> [Records excerpted from a collection]
○ ○ ○ ○ ○

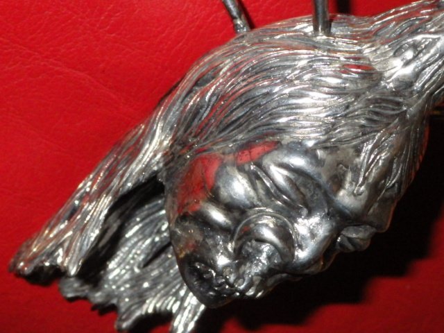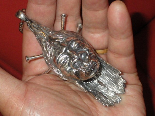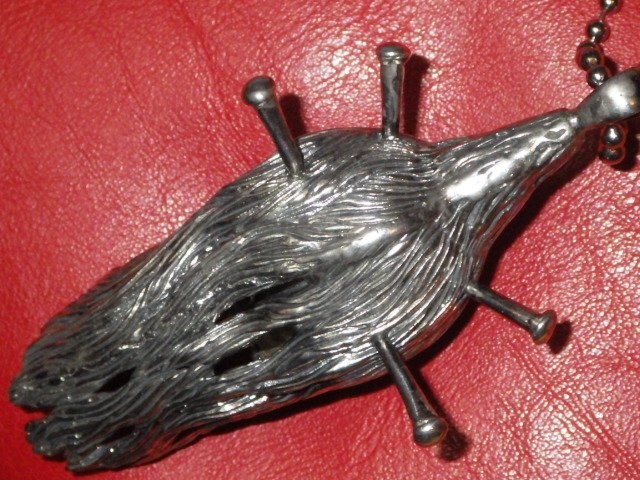 オーストラリア製、サイズはチェーンを除いた本体のサイズで、上部の輪から髪の毛までの高さ:9.7cm、後頭部に刺さったピンからピンまでの横幅:5.0cm、鼻先から後頭部のピンまでの奥行き:4.2cmくらいと大きめでパンチの効いたサイズ感です♪
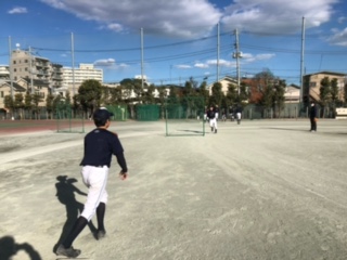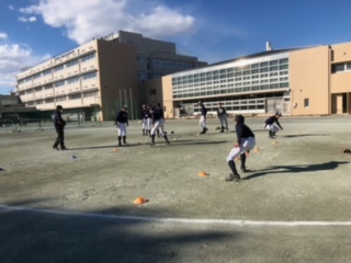 寒い冬のアップは楽しくて汗がかけるゲーム形式で行います。今日はボール取り競争。キャッチボールも状況を設定して頑張りました。
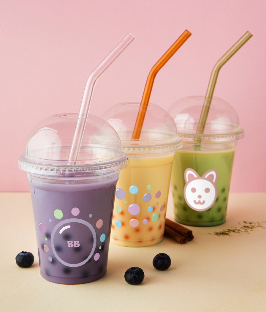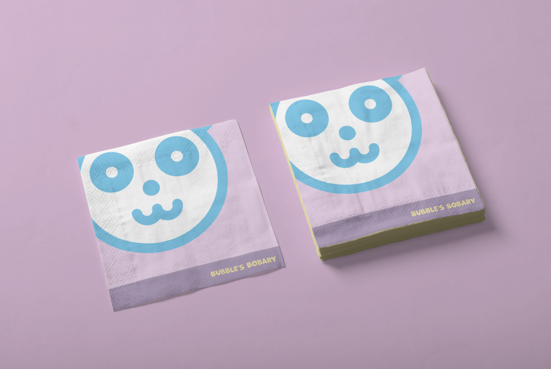 The logo has a bubble with the name and founding date around it. The logo keeps the fun aspect but also stays elevated. Throughout the different deliverables, I wanted to space out the patterns and logos. Everything is rounded in shape to represent boba.
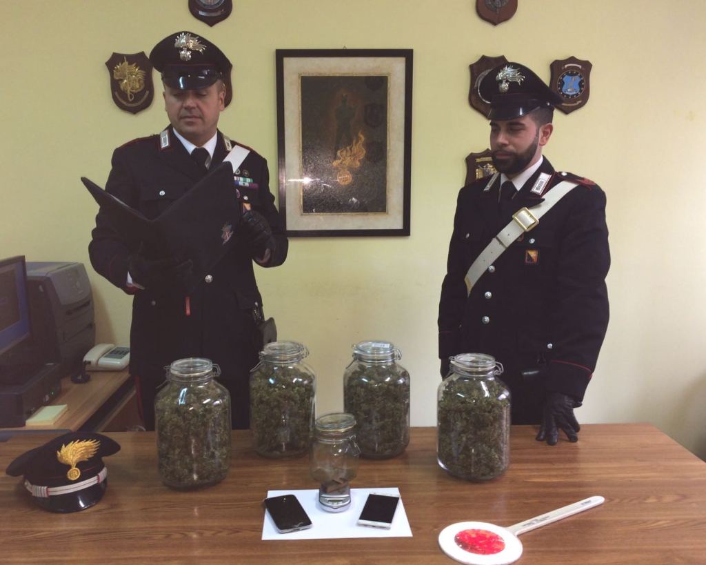 In casa di Tarantino i militari hanno trovato 4 contenitori in vetro, con 710 grammi di marijuana, 25 grammi di hashish ed un bilancino di precisione.
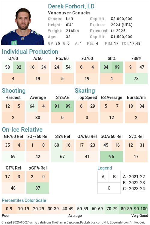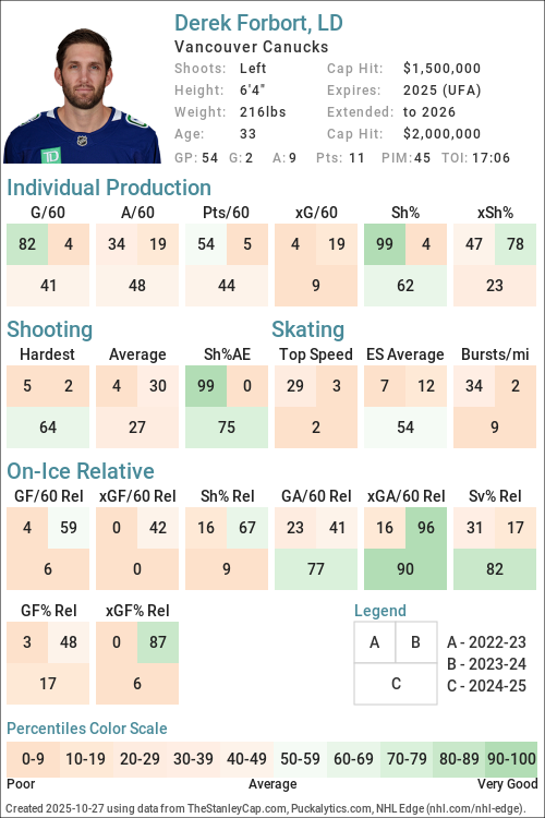 | 2024-25 | VAN | 54 | 773:10 | 32.83 | 1.55 | 1.66 | 38.72 | 2.17 | 2.10 | 41.67 | 44.11 | -0.73 | -0.32 | -5.61 |
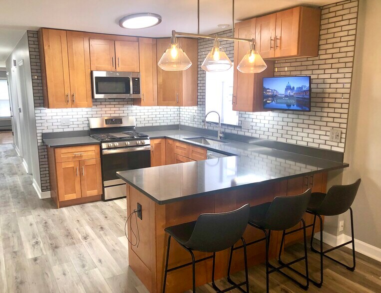 New cabinets, 42” uppers with under lit cabinets, all new S/S Appliances with outdoor vented hood.
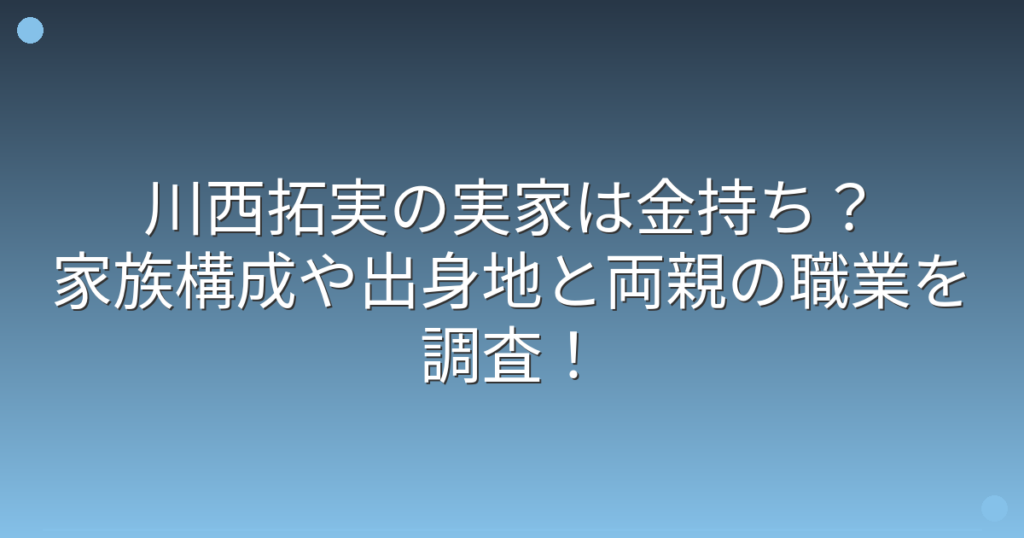 川西拓実の実家は金持ち?家族構成や出身地と両親の職業を調査!
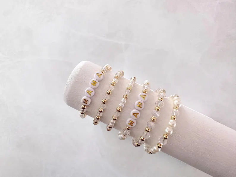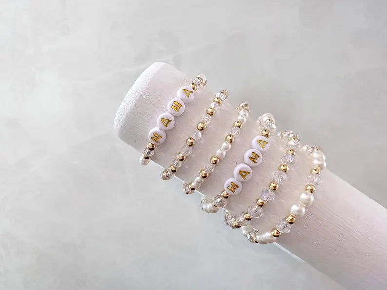 - one bracelet made with 4mm 14k gold plated beads and pearl and crystal accent beads
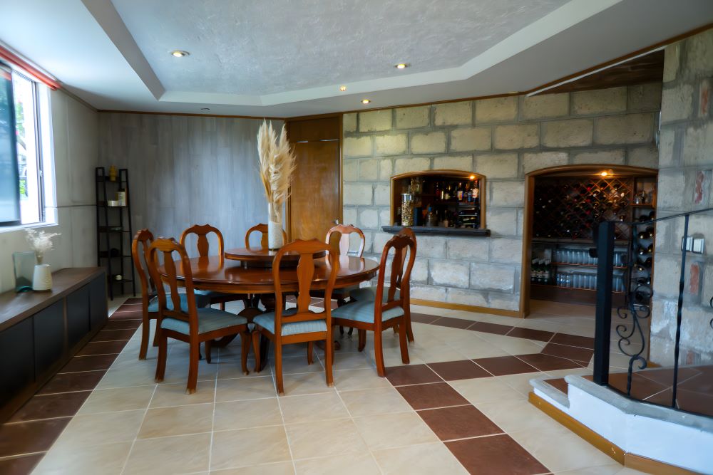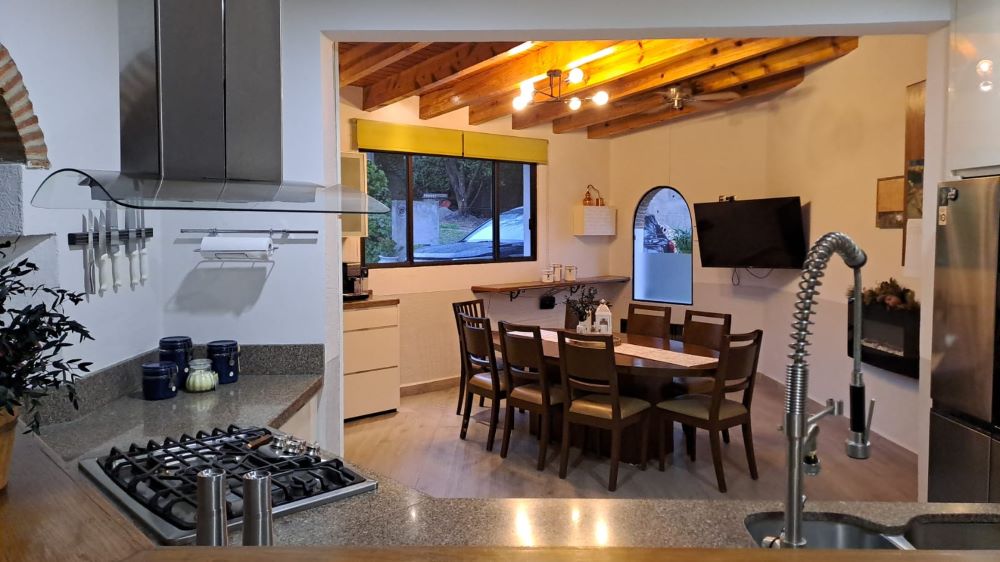 con horno de piedra, Alberca techada, Gimnasio, Taller, Huerta de árboles frutales,
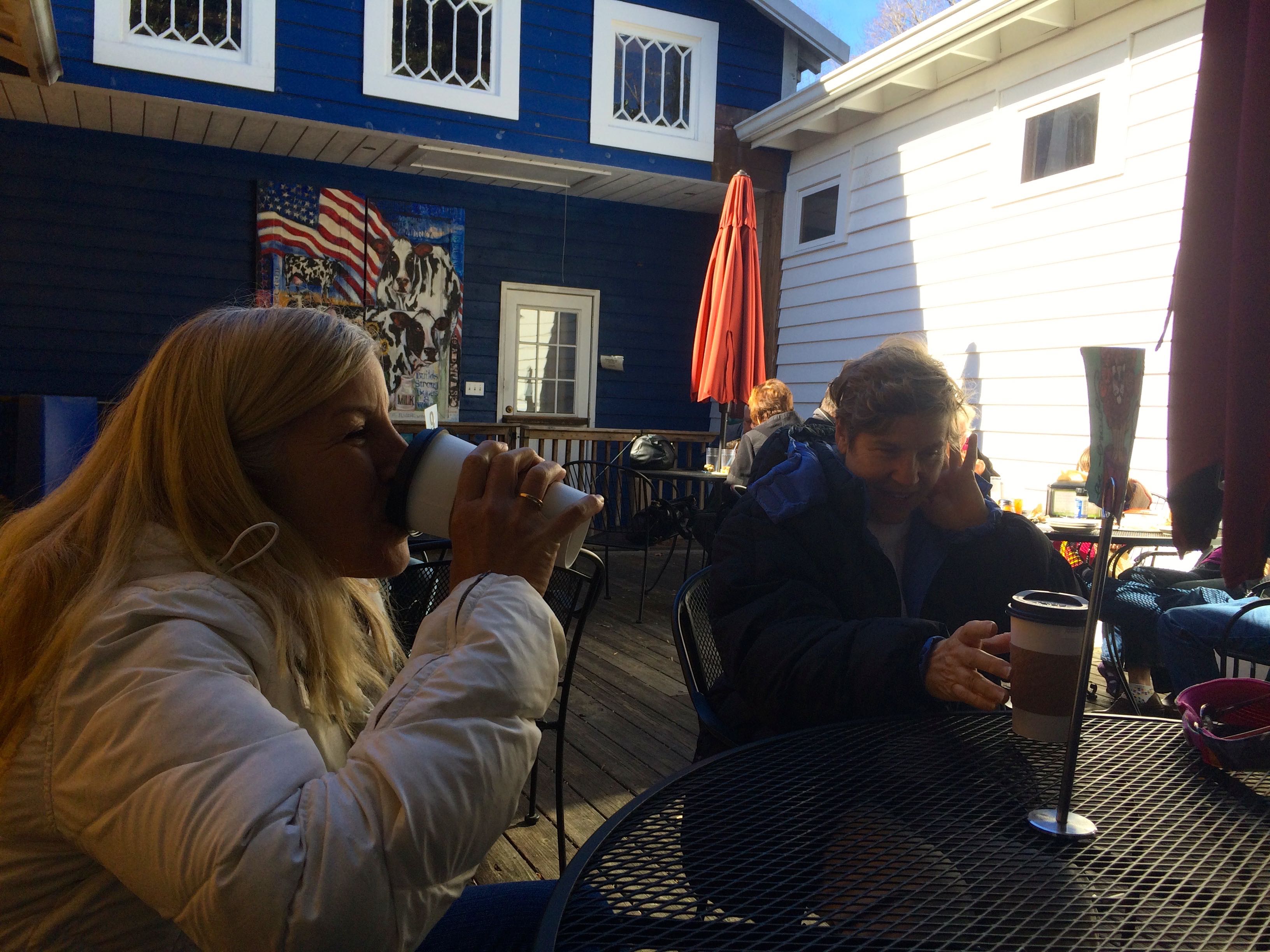 We took our leave of the property and made our way into nearby Flat Rock for lunch at a restaurant recommended by one of the park staffers, the Flat Rock Village Bakery. Known for their wood fired pizzas; Joanna and I instead split a bowl of hearty potato cheddar soup and a delicious Chicken Salad Sandwich (mixed with celery, red onion, walnuts, dried cranberries and fresh dill). It was quite crowded inside and although a bit cool, the four of us sat at an outside table enjoying a crisp and cool fall afternoon.

○ ○ ○ ○ ○

> [What this task involves] Quote the records above exactly, from the first line through the line containing "寒い冬のアップは楽しくて汗が", and leave out the pictures.

> [Written solution]
 オーストラリア製、サイズはチェーンを除いた本体のサイズで、上部の輪から髪の毛までの高さ:9.7cm、後頭部に刺さったピンからピンまでの横幅:5.0cm、鼻先から後頭部のピンまでの奥行き:4.2cmくらいと大きめでパンチの効いたサイズ感です♪
 寒い冬のアップは楽しくて汗がかけるゲーム形式で行います。今日はボール取り競争。キャッチボールも状況を設定して頑張りました。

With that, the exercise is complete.